What to work on: Look below for the line that has "A book matched". Set down the lines from there through the line that has "(徐宏 新乡市第一人民医院 骨一科 主治医师)", exactly as written.

Data to use:
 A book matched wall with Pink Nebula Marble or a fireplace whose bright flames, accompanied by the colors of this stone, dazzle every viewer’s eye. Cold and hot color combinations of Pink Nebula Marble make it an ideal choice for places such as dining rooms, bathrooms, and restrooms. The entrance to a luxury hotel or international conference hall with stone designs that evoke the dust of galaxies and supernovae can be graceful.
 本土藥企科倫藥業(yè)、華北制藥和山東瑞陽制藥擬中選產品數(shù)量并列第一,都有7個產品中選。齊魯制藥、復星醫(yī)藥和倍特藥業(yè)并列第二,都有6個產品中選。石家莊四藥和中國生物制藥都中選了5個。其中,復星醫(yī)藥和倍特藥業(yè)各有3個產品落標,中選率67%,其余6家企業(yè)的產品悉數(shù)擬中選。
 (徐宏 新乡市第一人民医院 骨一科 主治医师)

==

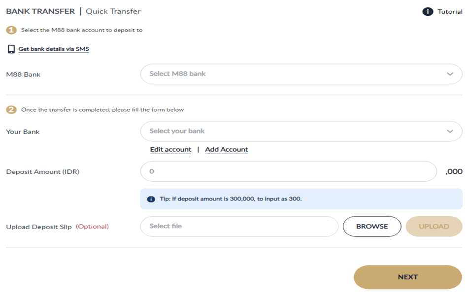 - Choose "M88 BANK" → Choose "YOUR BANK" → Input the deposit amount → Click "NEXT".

---

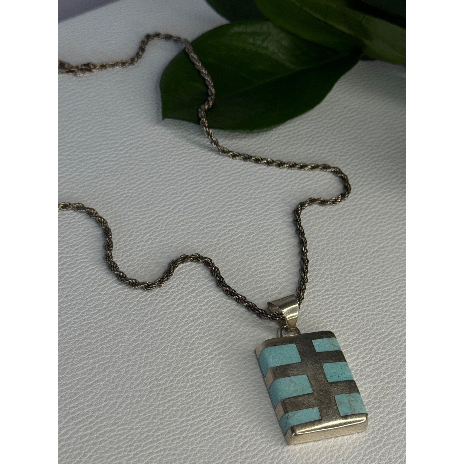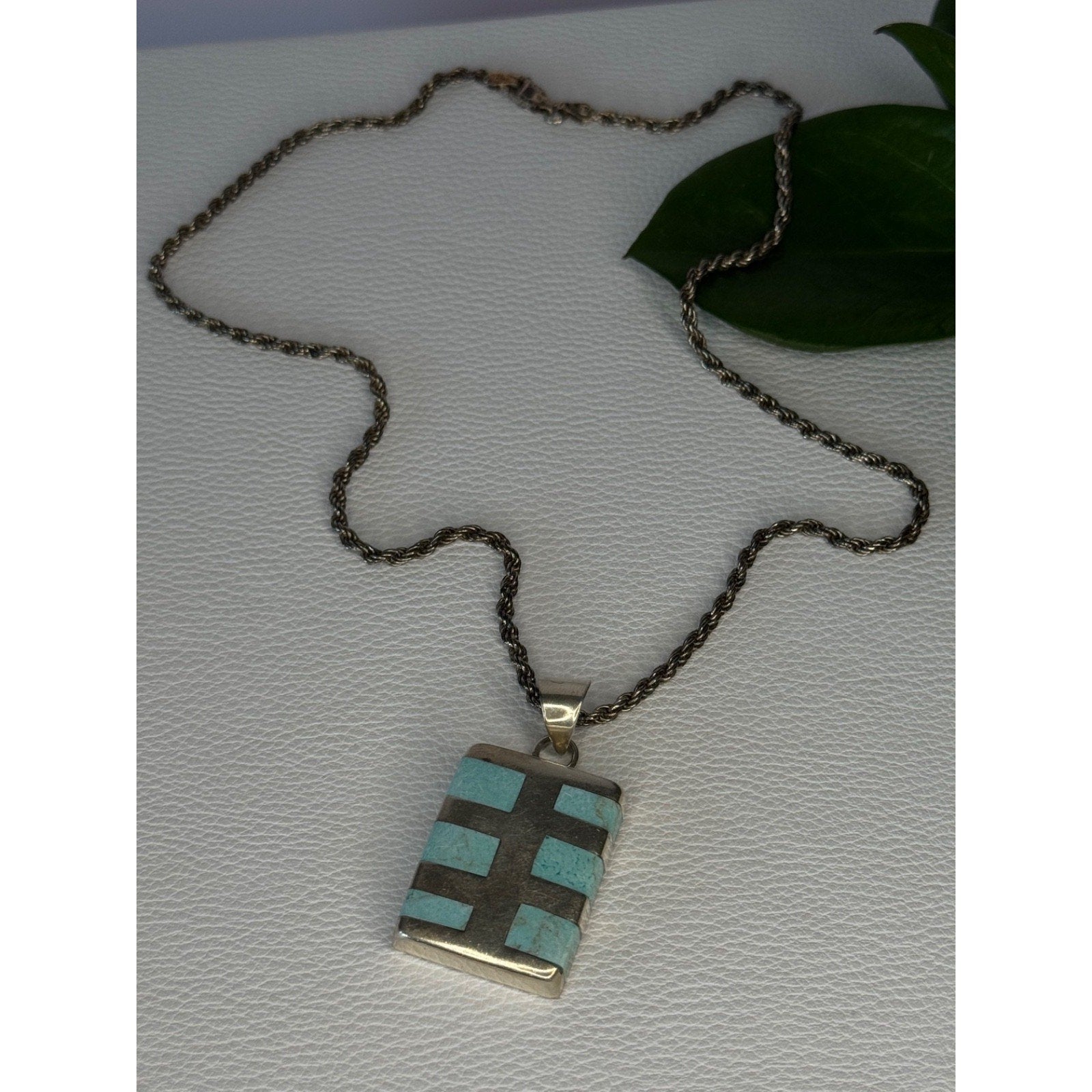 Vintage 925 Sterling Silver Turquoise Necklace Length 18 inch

Output of the exercise:
 A book matched wall with Pink Nebula Marble or a fireplace whose bright flames, accompanied by the colors of this stone, dazzle every viewer’s eye. Cold and hot color combinations of Pink Nebula Marble make it an ideal choice for places such as dining rooms, bathrooms, and restrooms. The entrance to a luxury hotel or international conference hall with stone designs that evoke the dust of galaxies and supernovae can be graceful.
 本土藥企科倫藥業(yè)、華北制藥和山東瑞陽制藥擬中選產品數(shù)量并列第一,都有7個產品中選。齊魯制藥、復星醫(yī)藥和倍特藥業(yè)并列第二,都有6個產品中選。石家莊四藥和中國生物制藥都中選了5個。其中,復星醫(yī)藥和倍特藥業(yè)各有3個產品落標,中選率67%,其余6家企業(yè)的產品悉數(shù)擬中選。
 (徐宏 新乡市第一人民医院 骨一科 主治医师)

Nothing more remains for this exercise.